Greenhouse gas emissions from Australian cars slumped by more than a third and emissions from aircraft dropped by three-quarters as the country went into partial lockdown in April, cutting national carbon pollution by about 7% for the month, an audit has found.
It confirmed that the recession will lead to a notable fall in national emissions this year. But experts believe the drop is likely to be limited and could be short-term given much of the economy – including big industry and manufacturing – has largely continued to operate through the coronavirus pandemic and road transport has begun to increase.
The Australia Institute, which publishes the monthly national energy emissions audit by independent energy analyst Hugh Saddler, said transport emissions are likely to rebound unless the Morrison government releases and backs policies it has promised to support electric vehicles and improve fuel quality.
Saddler, a consultant and honorary associate professor at ANU’s Crawford School of Public Policy, found transport emissions fell sharply due to a 36% fall in sales of petrol, liquified petroleum gas (LPG) and diesel used in light vehicles and a 77% drop in domestic aviation fuel consumption.
The fall in transport emissions was about 3m tonnes. It is equivalent to about 7% of total monthly national emissions, 5% of annual transport emissions and 0.6% of total annual national emissions.
Emissions from electricity fell another 1.9m tonnes, but Saddler found this was not due to Covid-19. While official data suggests industrial and small business energy use dropped in April and May, household use increased as people stayed home. Saddler said the two changes effectively cancelled each other out, leaving total electricity consumption mostly unchanged, save for a slight fall due to the weather being more mild this year than last.
Where there has been a change is in the mix of types of electricity. The proportion of coal-fired power in the national electricity grid, not counting rooftop solar, fell to 66% – the first time it has fallen below 70% since the introduction of a centralised power supply.
The share of renewable energy grew to about 25%, reflecting the surge of investment in large-scale solar and wind in 2017 and 2018 triggered by the 23% national renewable energy target. Spending on new large-scale renewable energy fell by about 50% last year after that target was met and not renewed.

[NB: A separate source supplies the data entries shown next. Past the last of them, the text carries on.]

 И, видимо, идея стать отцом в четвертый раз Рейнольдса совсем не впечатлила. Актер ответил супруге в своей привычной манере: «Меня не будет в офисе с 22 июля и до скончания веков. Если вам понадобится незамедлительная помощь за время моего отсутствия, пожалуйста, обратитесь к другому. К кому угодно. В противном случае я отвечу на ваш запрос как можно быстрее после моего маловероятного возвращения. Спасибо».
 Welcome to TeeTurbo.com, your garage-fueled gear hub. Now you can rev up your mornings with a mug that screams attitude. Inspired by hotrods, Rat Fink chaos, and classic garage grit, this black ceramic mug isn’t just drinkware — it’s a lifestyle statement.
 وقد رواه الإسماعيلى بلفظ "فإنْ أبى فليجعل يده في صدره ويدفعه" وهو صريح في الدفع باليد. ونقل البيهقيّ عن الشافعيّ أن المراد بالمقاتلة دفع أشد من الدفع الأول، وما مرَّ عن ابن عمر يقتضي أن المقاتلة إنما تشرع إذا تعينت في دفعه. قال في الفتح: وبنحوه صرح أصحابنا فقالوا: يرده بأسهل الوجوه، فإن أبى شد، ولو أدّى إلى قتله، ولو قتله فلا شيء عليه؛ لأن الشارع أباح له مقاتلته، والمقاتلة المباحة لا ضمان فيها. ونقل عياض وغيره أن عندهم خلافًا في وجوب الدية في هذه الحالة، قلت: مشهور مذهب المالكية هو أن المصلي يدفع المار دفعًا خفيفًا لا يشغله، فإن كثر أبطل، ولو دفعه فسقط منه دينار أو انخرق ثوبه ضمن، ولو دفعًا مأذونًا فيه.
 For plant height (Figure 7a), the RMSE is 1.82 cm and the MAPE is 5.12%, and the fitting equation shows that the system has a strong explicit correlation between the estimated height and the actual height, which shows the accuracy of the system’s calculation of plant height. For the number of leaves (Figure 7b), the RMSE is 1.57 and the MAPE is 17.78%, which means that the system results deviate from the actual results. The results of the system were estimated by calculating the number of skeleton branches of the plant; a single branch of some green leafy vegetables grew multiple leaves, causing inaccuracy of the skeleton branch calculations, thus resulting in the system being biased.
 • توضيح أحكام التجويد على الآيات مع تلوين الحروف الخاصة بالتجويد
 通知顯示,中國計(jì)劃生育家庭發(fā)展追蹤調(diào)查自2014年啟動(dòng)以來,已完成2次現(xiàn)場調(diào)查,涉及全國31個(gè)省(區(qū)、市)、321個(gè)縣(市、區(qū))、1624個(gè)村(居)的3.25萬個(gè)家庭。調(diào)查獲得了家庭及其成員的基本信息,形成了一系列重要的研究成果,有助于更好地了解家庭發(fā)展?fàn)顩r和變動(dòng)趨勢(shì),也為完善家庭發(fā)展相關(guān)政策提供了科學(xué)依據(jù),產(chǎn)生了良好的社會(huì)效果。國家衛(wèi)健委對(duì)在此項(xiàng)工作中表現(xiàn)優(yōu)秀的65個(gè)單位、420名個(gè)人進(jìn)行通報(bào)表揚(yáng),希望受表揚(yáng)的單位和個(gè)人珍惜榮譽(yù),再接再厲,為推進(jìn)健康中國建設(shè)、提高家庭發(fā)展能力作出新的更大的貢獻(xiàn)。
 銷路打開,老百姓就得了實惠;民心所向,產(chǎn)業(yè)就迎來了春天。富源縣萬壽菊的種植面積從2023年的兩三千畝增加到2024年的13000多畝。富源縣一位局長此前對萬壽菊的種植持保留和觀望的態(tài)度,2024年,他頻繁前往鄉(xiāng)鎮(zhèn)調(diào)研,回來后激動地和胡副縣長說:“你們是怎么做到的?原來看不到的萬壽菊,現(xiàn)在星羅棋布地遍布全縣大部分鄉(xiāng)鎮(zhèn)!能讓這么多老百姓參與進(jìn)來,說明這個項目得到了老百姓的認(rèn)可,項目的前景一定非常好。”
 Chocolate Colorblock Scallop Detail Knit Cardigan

Saddler said the fall in transport emissions was as extraordinary and historic as the event that caused it. “Obviously that’s completely predictable and expected,” he said.
He said carbon dioxide from cars – the biggest chunk of transport emissions – was likely to rebound as cars returned to roads across most of the country, but it was difficult to assess what impact the greater number of people working from home would have on that.
“It will come back up, but will go back to up to where it was? I’m not sure,” Saddler said.
Richie Merzian, Australia Institute’s climate and energy program director, said data in the report highlighted the reduction in emissions that would possible if governments addressed transport pollution.
He said there was no policy to address emissions from the sector, with a national electric vehicle strategy having been delayed, a liquid fuel security review completed but yet to be released and nothing happening to improve fuel quality.
He said Australia, without an auto-manufacturing industry, was a “car-taker not car-maker” and risked being unprepared if it did not plan as global car companies shifted to electric vehicles.
“Now is the ideal time to drive change in our transport sector by electrifying our cars and buses,” he said. “The federal government could be investing in necessary infrastructure to smooth the inevitable transition away from fossil-fuelled transport, while building the know-how and jobs Australia needs for our electric future.”
Analyses before Covid-19 hit suggested the government was not on track to meet its 2030 emissions reduction target – a 26-28% cut below 2005 levels – without using a carbon accounting loophole. According to revised emissions data, national emissions were down just 1.5% since the Coalition was elected in 2013.